----- Supplied entries

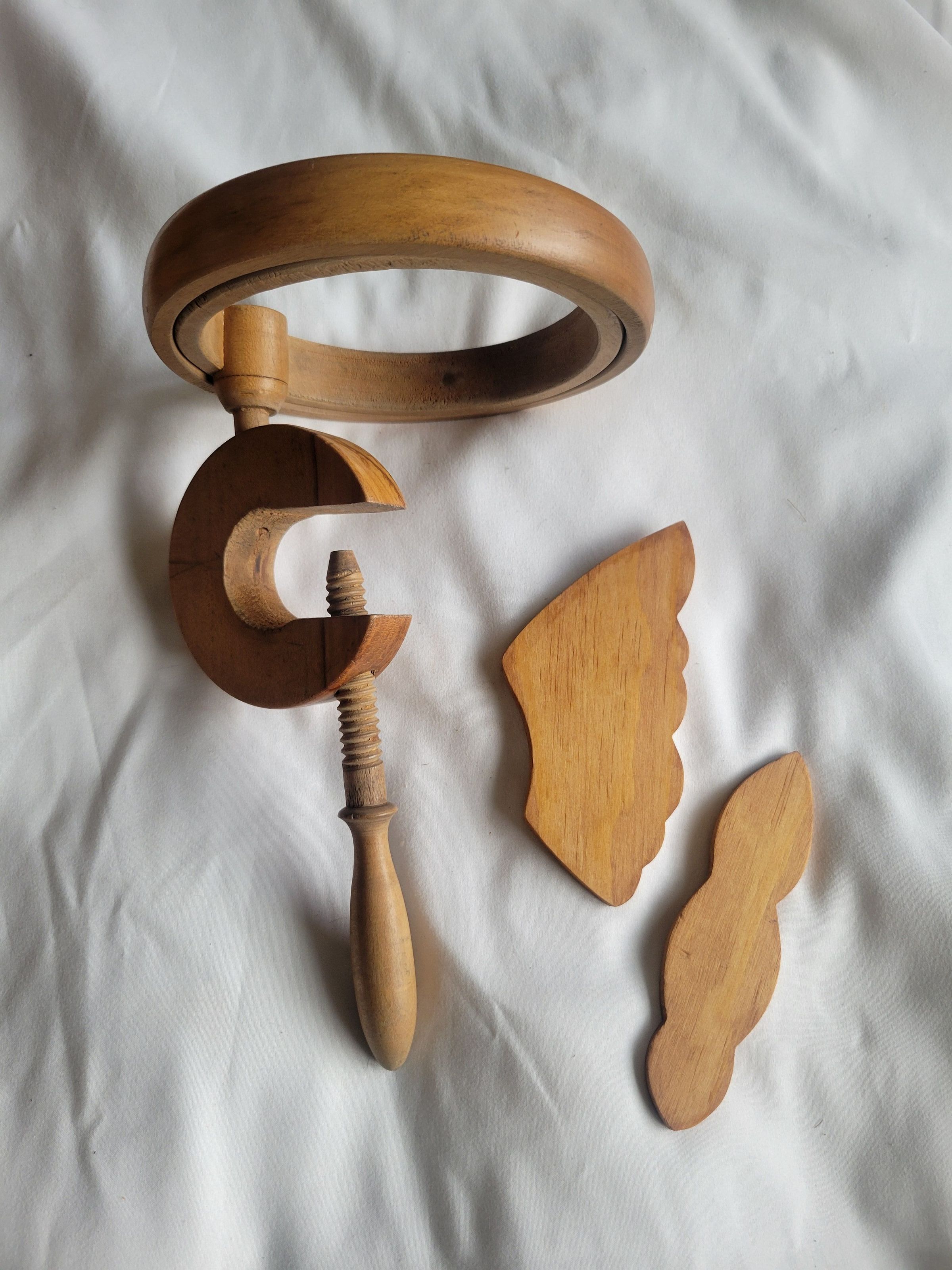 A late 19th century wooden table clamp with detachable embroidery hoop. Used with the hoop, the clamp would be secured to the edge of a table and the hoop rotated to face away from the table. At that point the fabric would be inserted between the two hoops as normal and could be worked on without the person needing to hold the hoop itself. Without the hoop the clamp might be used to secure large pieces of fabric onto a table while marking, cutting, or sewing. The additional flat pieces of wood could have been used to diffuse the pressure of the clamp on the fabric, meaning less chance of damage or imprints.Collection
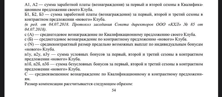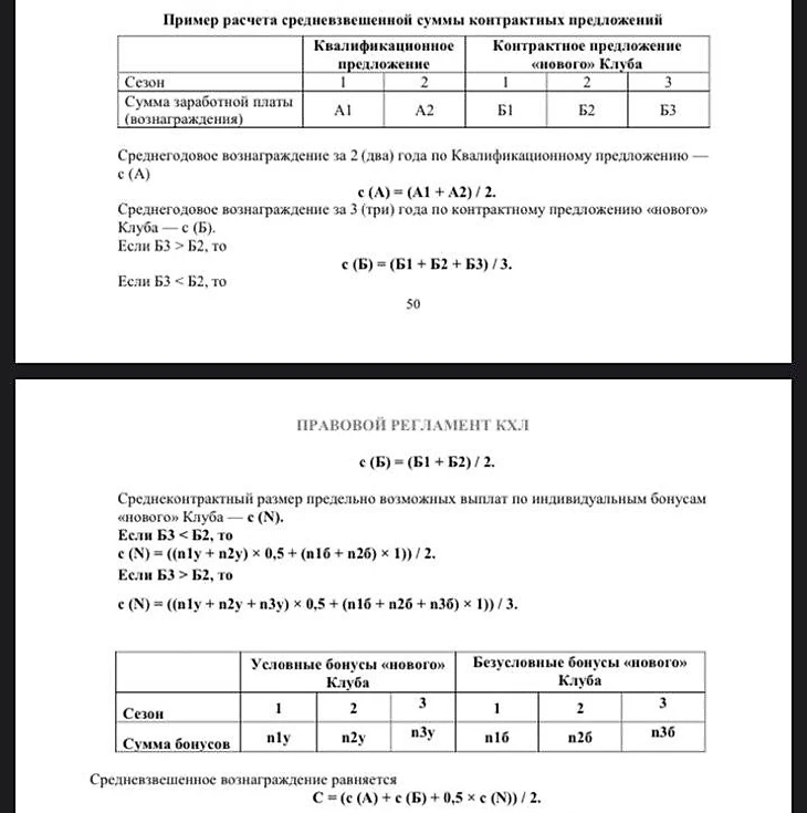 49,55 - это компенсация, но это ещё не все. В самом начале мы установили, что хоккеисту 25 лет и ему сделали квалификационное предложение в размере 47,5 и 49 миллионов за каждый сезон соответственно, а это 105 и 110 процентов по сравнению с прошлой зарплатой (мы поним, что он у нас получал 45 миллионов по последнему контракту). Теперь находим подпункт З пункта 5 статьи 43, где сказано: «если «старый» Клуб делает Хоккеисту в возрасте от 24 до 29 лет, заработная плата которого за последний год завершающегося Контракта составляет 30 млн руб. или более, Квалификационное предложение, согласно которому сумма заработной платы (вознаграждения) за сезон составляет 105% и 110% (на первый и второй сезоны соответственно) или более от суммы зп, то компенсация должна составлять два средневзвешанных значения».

----------
----- Supplied entries

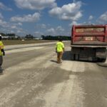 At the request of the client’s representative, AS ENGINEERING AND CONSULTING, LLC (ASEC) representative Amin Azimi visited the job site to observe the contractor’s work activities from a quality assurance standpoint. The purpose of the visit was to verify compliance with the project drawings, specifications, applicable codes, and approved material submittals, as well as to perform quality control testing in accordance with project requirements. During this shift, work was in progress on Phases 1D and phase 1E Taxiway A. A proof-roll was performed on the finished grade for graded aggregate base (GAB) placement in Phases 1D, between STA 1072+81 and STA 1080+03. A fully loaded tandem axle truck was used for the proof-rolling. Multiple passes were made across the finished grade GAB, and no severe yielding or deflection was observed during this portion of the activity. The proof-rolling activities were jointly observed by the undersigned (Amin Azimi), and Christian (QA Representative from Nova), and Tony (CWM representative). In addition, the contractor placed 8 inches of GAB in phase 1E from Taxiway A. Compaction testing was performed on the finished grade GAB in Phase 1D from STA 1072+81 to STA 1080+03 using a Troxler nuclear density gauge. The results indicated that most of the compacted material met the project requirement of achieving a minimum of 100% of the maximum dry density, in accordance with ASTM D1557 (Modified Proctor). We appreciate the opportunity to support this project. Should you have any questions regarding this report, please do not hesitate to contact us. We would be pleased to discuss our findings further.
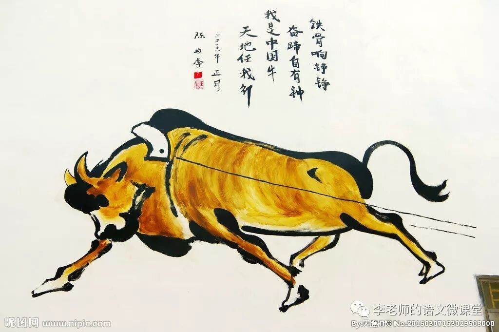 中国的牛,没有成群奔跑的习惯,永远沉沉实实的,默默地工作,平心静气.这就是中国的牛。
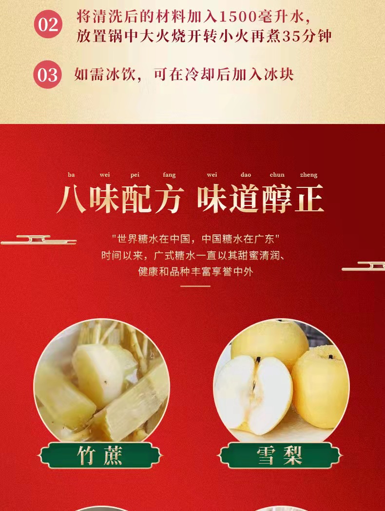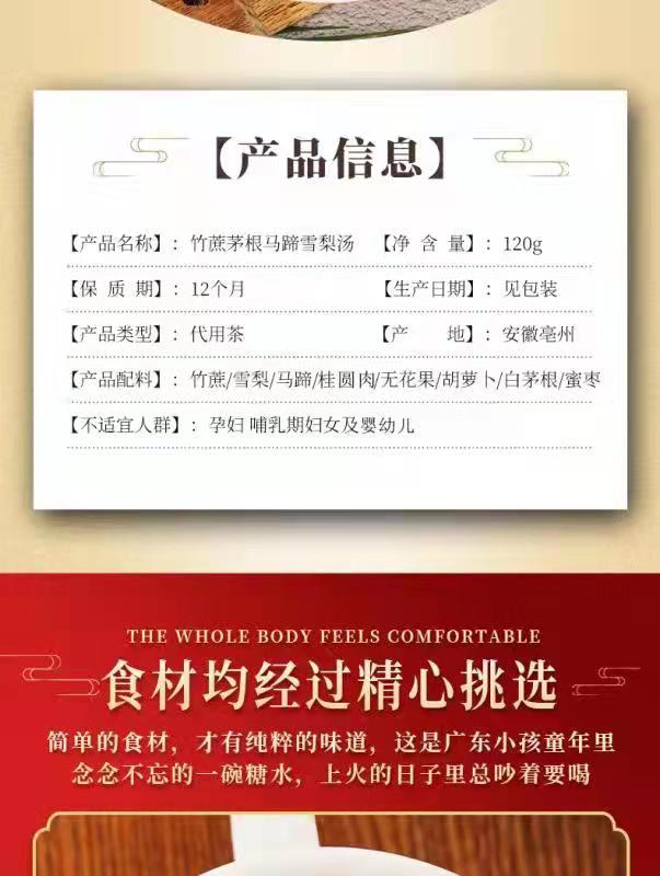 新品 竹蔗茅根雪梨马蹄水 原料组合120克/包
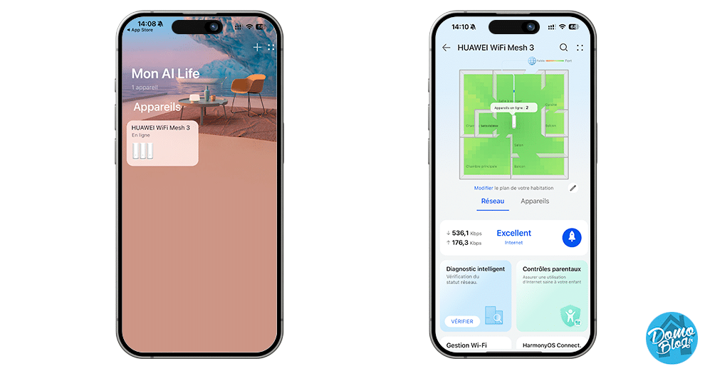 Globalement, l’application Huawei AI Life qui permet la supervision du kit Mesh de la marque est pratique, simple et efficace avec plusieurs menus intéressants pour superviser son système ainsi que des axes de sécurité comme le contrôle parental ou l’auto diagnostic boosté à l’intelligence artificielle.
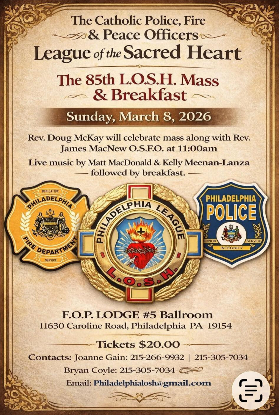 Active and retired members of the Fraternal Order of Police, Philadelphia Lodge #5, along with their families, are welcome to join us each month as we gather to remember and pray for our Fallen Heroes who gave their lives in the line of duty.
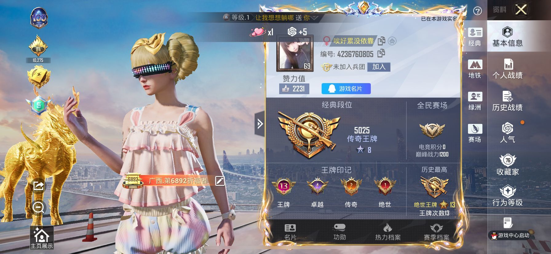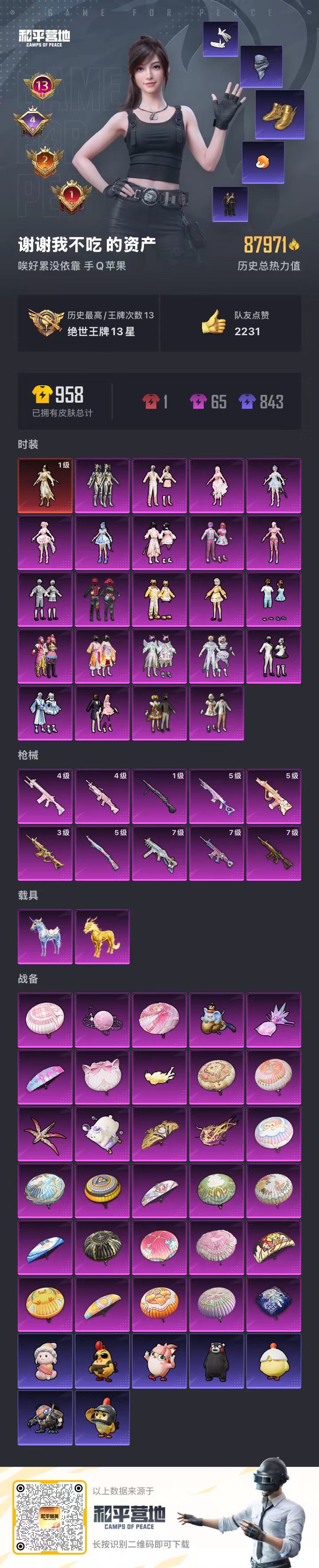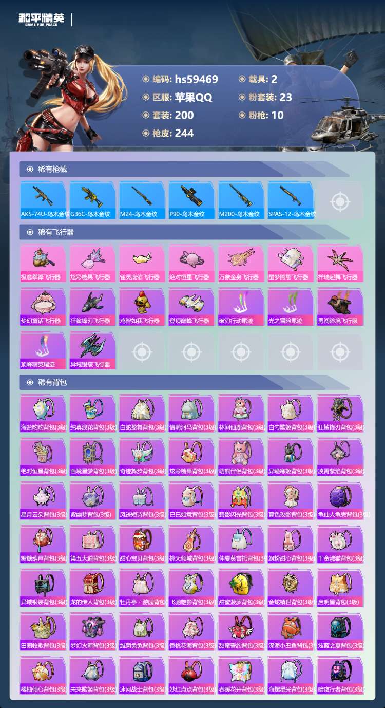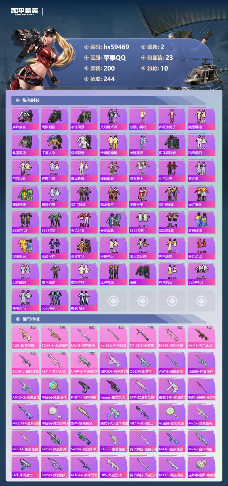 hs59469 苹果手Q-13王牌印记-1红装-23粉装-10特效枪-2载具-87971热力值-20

----------

Work instructions: I'd like the lines above repeated exactly, from the one that contains "Active and retired" through the one that contains "hs59469 苹果手Q-1", with no pictures.

Reply:
 Active and retired members of the Fraternal Order of Police, Philadelphia Lodge #5, along with their families, are welcome to join us each month as we gather to remember and pray for our Fallen Heroes who gave their lives in the line of duty.
 hs59469 苹果手Q-13王牌印记-1红装-23粉装-10特效枪-2载具-87971热力值-20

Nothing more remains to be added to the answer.